Work order:
Where the line containing "黑色帆布手提托特包,配有黑色" appears, end the copy there, keeping that line; start from the first line of the entries, copy exactly, and omit pictures.

Records for processing:
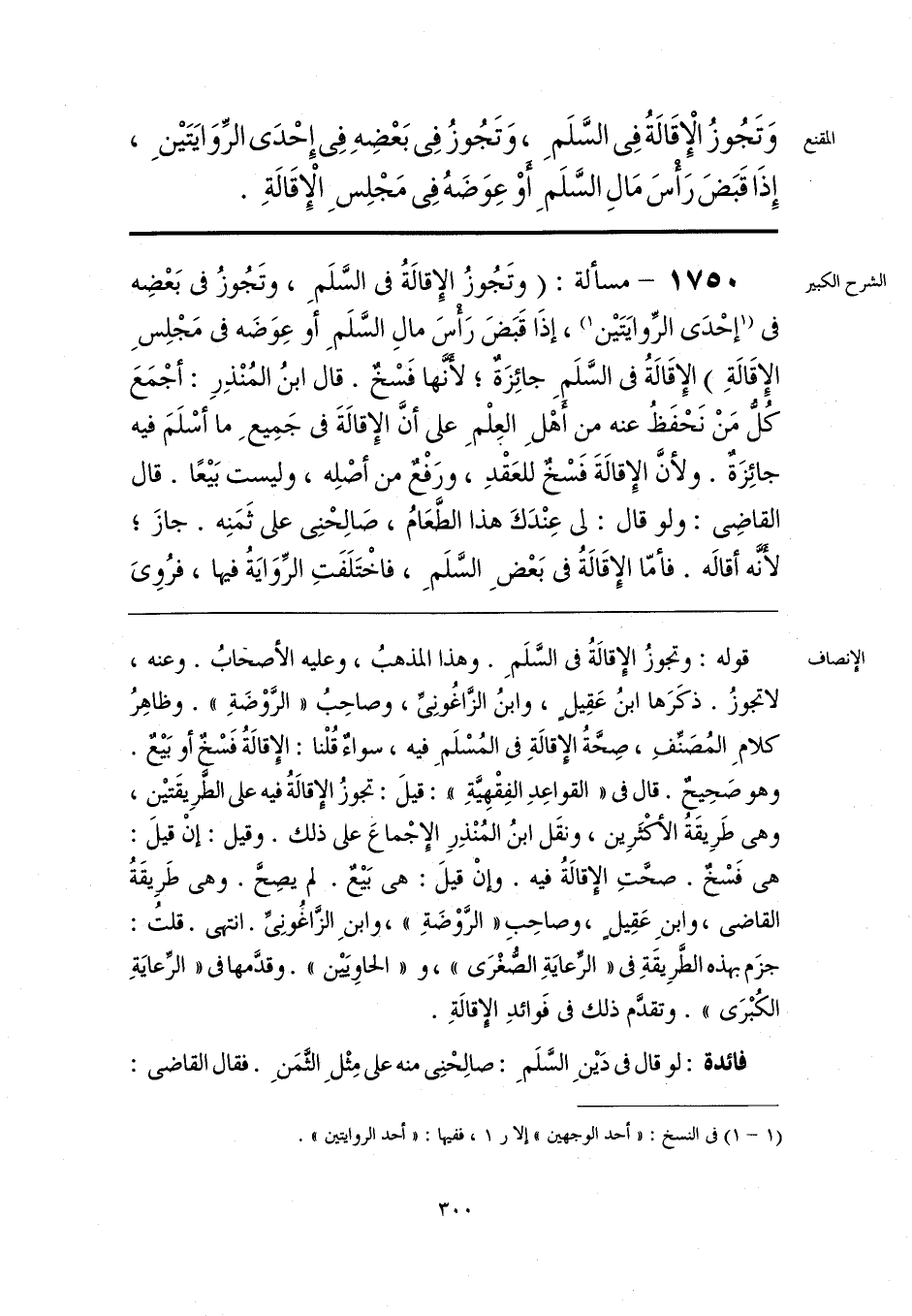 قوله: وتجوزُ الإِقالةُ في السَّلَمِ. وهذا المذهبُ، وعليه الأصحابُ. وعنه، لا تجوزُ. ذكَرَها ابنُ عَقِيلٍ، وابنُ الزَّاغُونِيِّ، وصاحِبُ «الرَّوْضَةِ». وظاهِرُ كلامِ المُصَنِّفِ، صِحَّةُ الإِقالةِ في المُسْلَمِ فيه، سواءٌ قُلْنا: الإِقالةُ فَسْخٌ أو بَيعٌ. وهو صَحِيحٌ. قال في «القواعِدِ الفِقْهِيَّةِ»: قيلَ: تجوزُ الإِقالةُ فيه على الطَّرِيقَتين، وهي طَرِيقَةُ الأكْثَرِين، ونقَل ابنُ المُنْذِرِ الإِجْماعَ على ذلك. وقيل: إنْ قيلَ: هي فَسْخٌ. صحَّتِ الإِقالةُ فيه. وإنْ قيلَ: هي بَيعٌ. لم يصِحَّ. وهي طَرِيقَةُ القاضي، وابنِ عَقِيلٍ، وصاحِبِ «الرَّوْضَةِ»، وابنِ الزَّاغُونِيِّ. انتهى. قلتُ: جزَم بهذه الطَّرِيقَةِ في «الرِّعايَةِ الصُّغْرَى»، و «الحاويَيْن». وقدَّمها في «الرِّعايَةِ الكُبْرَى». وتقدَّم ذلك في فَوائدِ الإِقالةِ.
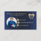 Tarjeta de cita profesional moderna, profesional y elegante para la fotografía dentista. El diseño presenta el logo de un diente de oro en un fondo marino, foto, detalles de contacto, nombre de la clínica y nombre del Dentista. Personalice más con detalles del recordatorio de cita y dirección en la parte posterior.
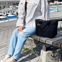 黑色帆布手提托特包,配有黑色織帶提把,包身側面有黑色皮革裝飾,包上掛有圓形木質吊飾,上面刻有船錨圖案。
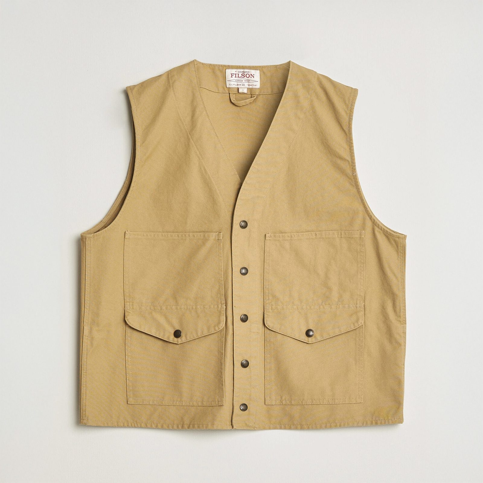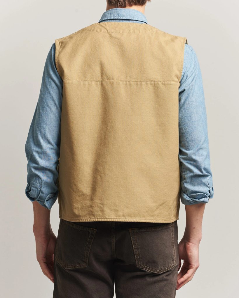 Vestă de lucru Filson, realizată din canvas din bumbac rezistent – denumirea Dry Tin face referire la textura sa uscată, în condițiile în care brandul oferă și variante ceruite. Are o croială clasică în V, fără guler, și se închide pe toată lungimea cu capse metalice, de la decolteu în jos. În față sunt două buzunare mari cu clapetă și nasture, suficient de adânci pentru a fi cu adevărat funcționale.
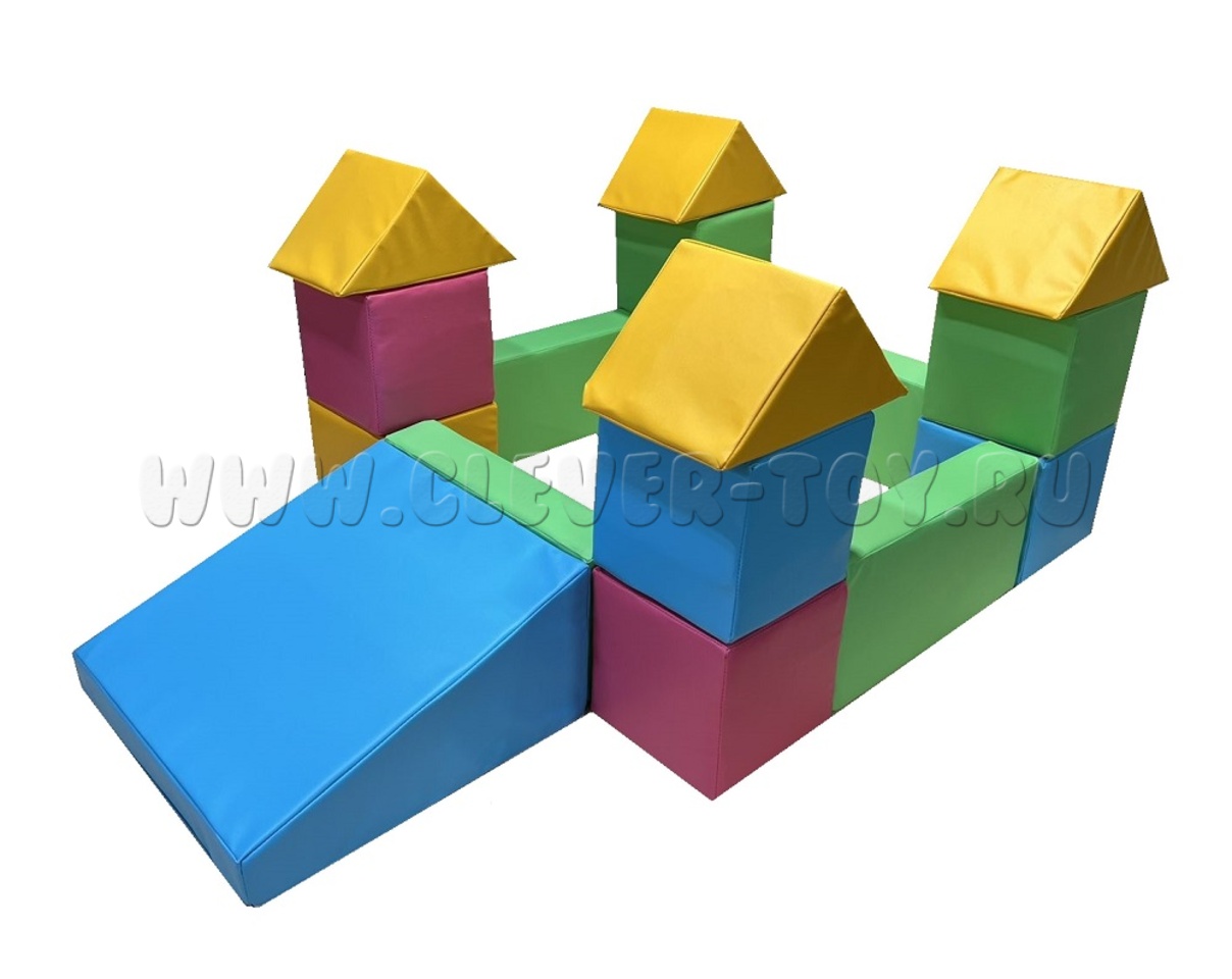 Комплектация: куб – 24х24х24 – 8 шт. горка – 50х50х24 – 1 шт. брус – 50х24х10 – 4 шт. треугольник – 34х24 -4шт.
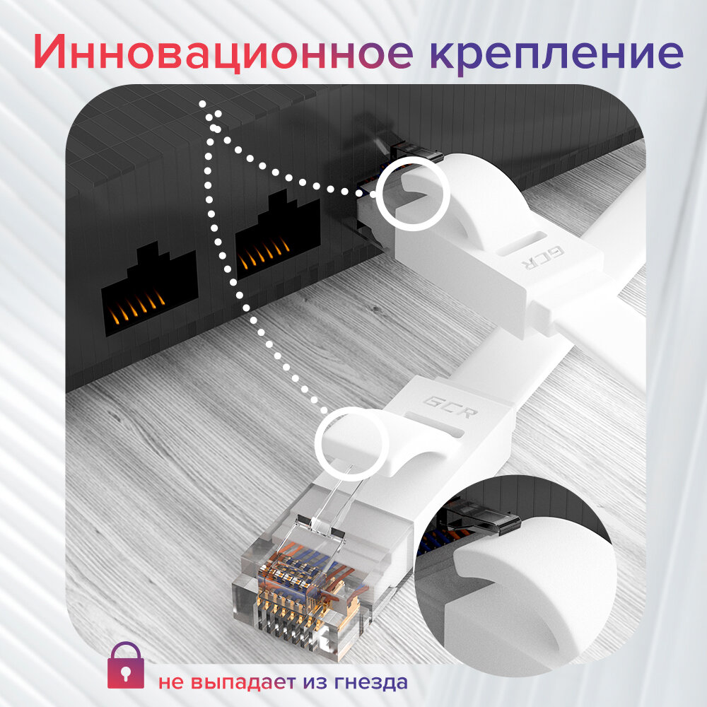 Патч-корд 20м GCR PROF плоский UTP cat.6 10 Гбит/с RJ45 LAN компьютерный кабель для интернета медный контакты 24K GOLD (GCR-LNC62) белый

Result:
 قوله: وتجوزُ الإِقالةُ في السَّلَمِ. وهذا المذهبُ، وعليه الأصحابُ. وعنه، لا تجوزُ. ذكَرَها ابنُ عَقِيلٍ، وابنُ الزَّاغُونِيِّ، وصاحِبُ «الرَّوْضَةِ». وظاهِرُ كلامِ المُصَنِّفِ، صِحَّةُ الإِقالةِ في المُسْلَمِ فيه، سواءٌ قُلْنا: الإِقالةُ فَسْخٌ أو بَيعٌ. وهو صَحِيحٌ. قال في «القواعِدِ الفِقْهِيَّةِ»: قيلَ: تجوزُ الإِقالةُ فيه على الطَّرِيقَتين، وهي طَرِيقَةُ الأكْثَرِين، ونقَل ابنُ المُنْذِرِ الإِجْماعَ على ذلك. وقيل: إنْ قيلَ: هي فَسْخٌ. صحَّتِ الإِقالةُ فيه. وإنْ قيلَ: هي بَيعٌ. لم يصِحَّ. وهي طَرِيقَةُ القاضي، وابنِ عَقِيلٍ، وصاحِبِ «الرَّوْضَةِ»، وابنِ الزَّاغُونِيِّ. انتهى. قلتُ: جزَم بهذه الطَّرِيقَةِ في «الرِّعايَةِ الصُّغْرَى»، و «الحاويَيْن». وقدَّمها في «الرِّعايَةِ الكُبْرَى». وتقدَّم ذلك في فَوائدِ الإِقالةِ.
 Tarjeta de cita profesional moderna, profesional y elegante para la fotografía dentista. El diseño presenta el logo de un diente de oro en un fondo marino, foto, detalles de contacto, nombre de la clínica y nombre del Dentista. Personalice más con detalles del recordatorio de cita y dirección en la parte posterior.
 黑色帆布手提托特包,配有黑色織帶提把,包身側面有黑色皮革裝飾,包上掛有圓形木質吊飾,上面刻有船錨圖案。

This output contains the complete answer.